La trail runner canadese Kalie McCrystal risulta dispersa sul Cervino dal 1° settembre. Stava effettuando un allenamento in quota con l’obiettivo dichiarato di salire e ridiscendere la montagna in meno di cinque ore lungo la Cresta del Leone. L’ultimo riferimento concreto è una foto scattata nei pressi della Capanna Carrel, che ne attesta il passaggio a quasi 4 mila metri.
L’ultimo segnale e cosa indossava
Nell’immagine si distinguono pantaloncini, una giacchetta leggera e uno zaino da trail. Secondo i soccorritori, proprio i capi chiari complicano la visibilità sui versanti della montagna: «Era vestita di bianco e questo rende ancora più difficile individuarla sulla montagna», hanno spiegato. Da qui una prima indicazione operativa: l’attenzione è stata concentrata sulle linee di cresta e sui canali più frequentati dagli atleti in allenamento, con verifiche mirate nelle zone esposte.
Si tratta con ogni evidenza di una salita in solitaria finalizzata a un tentativo cronometrico; e lo scatto sopra la Capanna Carrel resta il punto certo della sua traccia. Inoltre, l’assenza di ulteriori segnali lungo l’itinerario previsto ha ridotto le possibilità di restringere il perimetro di ricerca.

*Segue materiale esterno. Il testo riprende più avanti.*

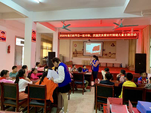 (本网讯)在中秋、国庆双节来临之际,为促进留守儿童在全社会的关心、关爱、关注中健康成长,9月29日下午,梁子镇团委联合爱熙社工在长岭小学开展了“2020年我们的节日--迎中秋、庆国庆关爱农村困境儿童”主题活动。

Le ricerche e lo stato delle operazioni
Le operazioni sono state condotte dal Soccorso alpino valdostano insieme alla Guardia di finanza di Cervinia. Le squadre hanno effettuato più rotazioni con l’elicottero e hanno impiegato l’antenna Recco per cercare di intercettare il telefono della donna. «Abbiamo fatto diverse rotazioni in elicottero, usato l’antenna Recco e provato ad agganciare il suo telefono, senza esito», hanno riferito gli operatori impegnati sul campo.
Le attività risultano sospese in attesa di nuovi elementi utili: una segnalazione, un riscontro al suolo, o un dato tecnico che permetta di ridefinire l’area di intervento. Quanto alle condizioni in quota, i soccorritori hanno mantenuto pronte le risorse per un’eventuale ripresa rapida delle ricerche.
Sui suoi canali social, McCrystal aveva anticipato il progetto e il motivo della permanenza a Cervinia. Il 7 agosto scriveva: «Negli ultimi giorni sono a Cervinia, in Italia, per prepararmi al mio grande obiettivo della stagione: scalare e ridiscendere il Cervino in meno di cinque ore passando per la Cresta del Leone. Ho pochi giorni a disposizione perché le condizioni migliorino e i miei polmoni si adattino, quindi non ho perso le speranze e non mi arrendo ancora».
Non sono emersi per ora riscontri utili alla localizzazione dell’atleta; le ricerche resteranno ferme finché non arriverà un elemento che consenta di ripartire con un perimetro definito.